Over the last several years, Black observes, Black/White has undergone a major metamorphosis, from traditional MGA to program specialist and aggregator. "It's very hard to reshape yourself," he remarks, "but we've done it. We've encountered more than our share of problems along the way--losing a market, reinsurance falling apart--but we've learned from our experience, and in 2003 we put about $85 million worth of business on the books. That's up from $20 million five years ago."

Scale equals growth

Much of Black/White's impressive growth over recent years, Black remarks, can be attributed to its strategy of acquiring small books of business and then giving them scale. "Four million dollars in gaming became $15 million; $4 million in professional liability became $16 million, and so on," he says. With offices throughout the country, Black/White chose to provide centralized financial and administrative support to help individual offices improve their performance while at the same time achieving significant economies of scale. "Some costs can be leveraged very easily," Black comments. An example is the agency's investment in technology. "The incremental cost of adding components is tiny compared with the initial cost: the installation, monitoring, and training," he says.

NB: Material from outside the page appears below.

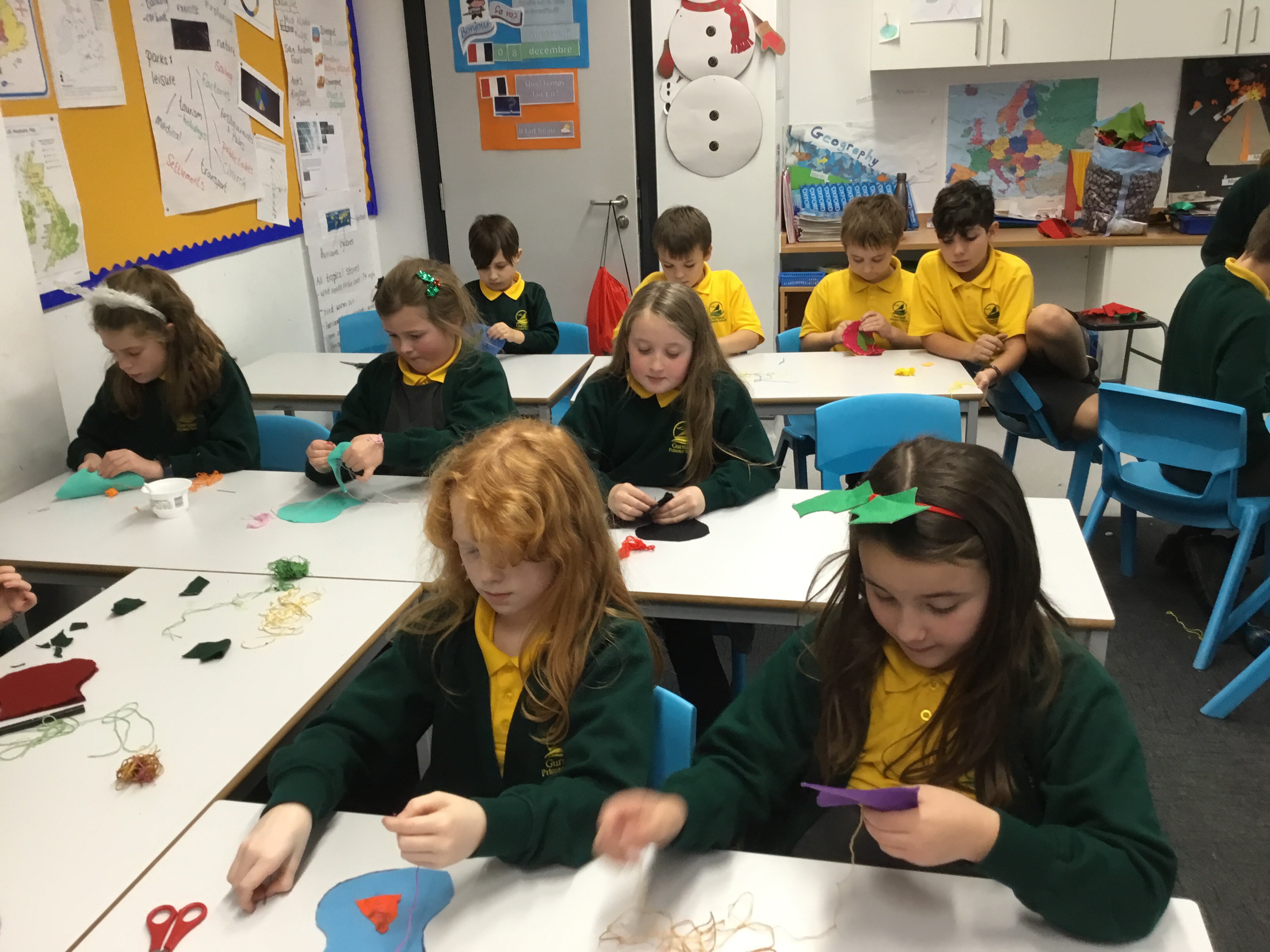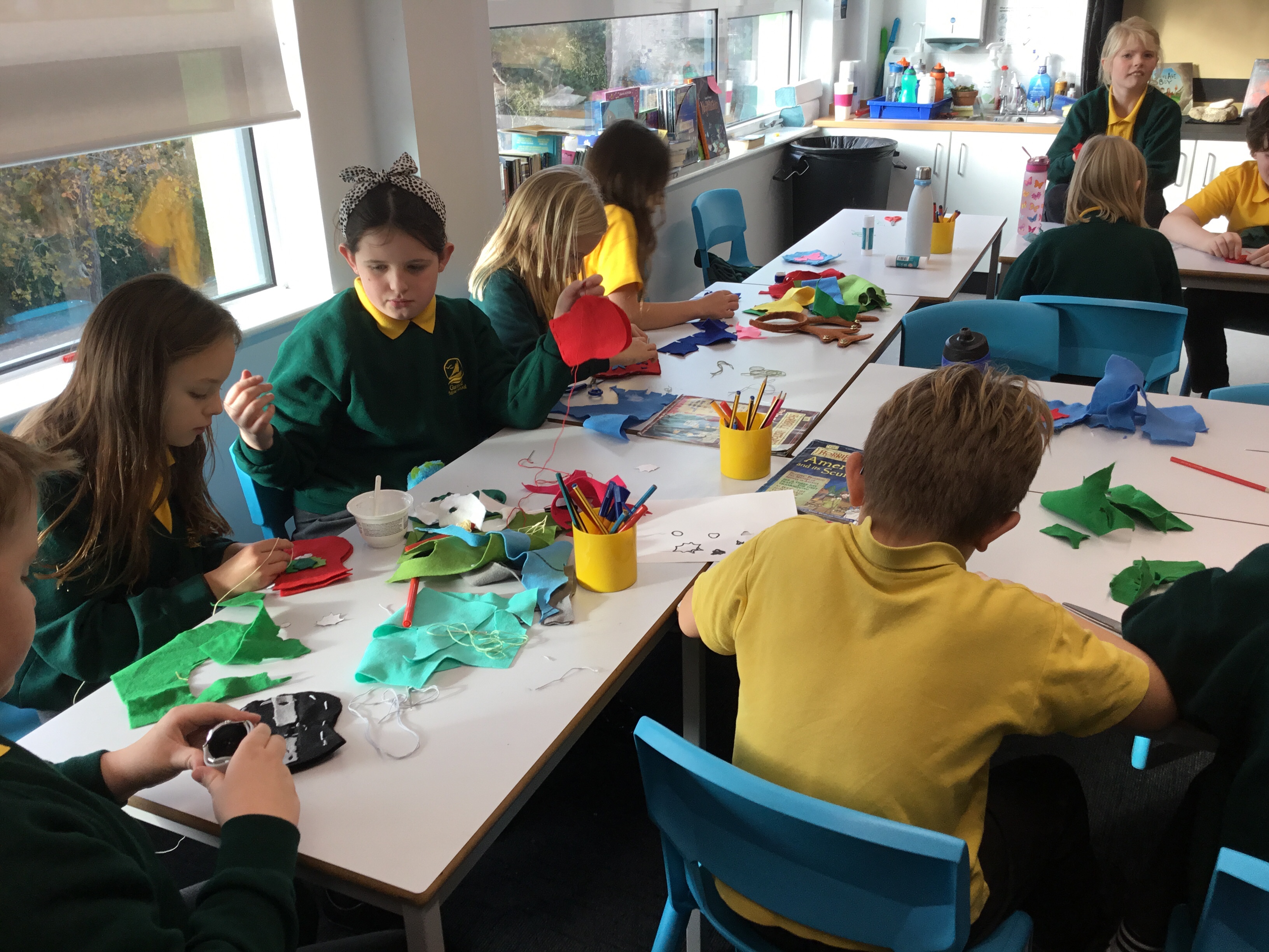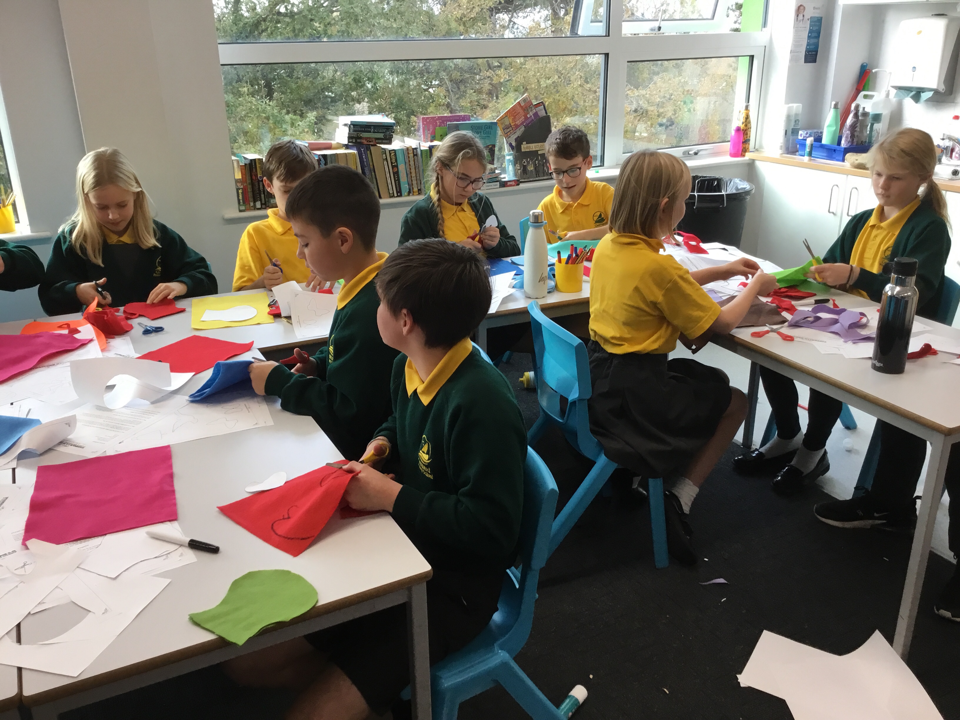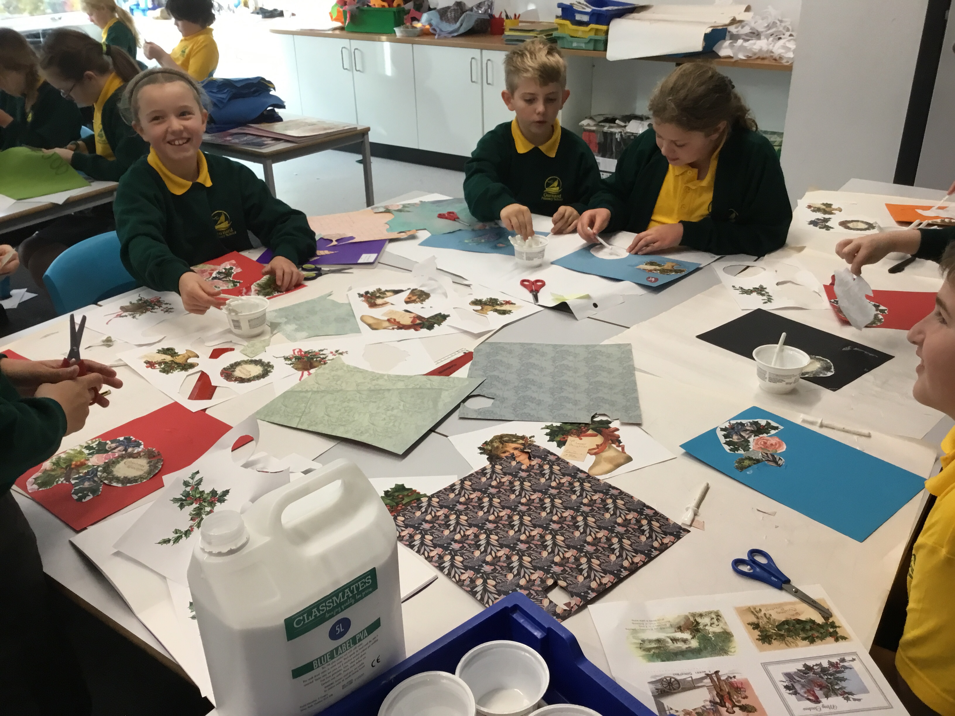 Year 5 started their Victorian gift creations. Some children started choosing card and designs to decoupage a design to make the cover of a scrapbook. The other group of children, cut out gift bag templates. they then used the template to cut out their felt gift bag. They also chose a pattern as decoration and cut that out too.

Scale also is a big factor in the area of company representation, Black notes. "If you're writing $100 million, but you're doing it with 20 companies, it's very hard to achieve any real efficiencies, because each company is different," he explains. "We're in the program business, so when a program turns out to be successful, we can take it into additional states at a very small incremental cost. For example, in our Oakland office, we've quadrupled our social services volume with less than double the staff. That's all because of scaling. In fact, our home office staff is smaller today than it was five years ago. If we find a business opportunity or a book of business in another state, we can execute at the drop of a hat," he asserts.

As president of Black/White, Paul White speaks enthusiastically about the agency's markets. "All the markets we do business with are profit driven rather than volume driven," he says. "We want to help our company partners be profitable, because we understand that that's an important factor in maintaining long-term relationships with them. Most of our carriers," White continues, "are making major changes in their corporate strategies. We believe they'll keep us as their partner, because we fit in with their strategies when it comes to risk selection and profit objectives.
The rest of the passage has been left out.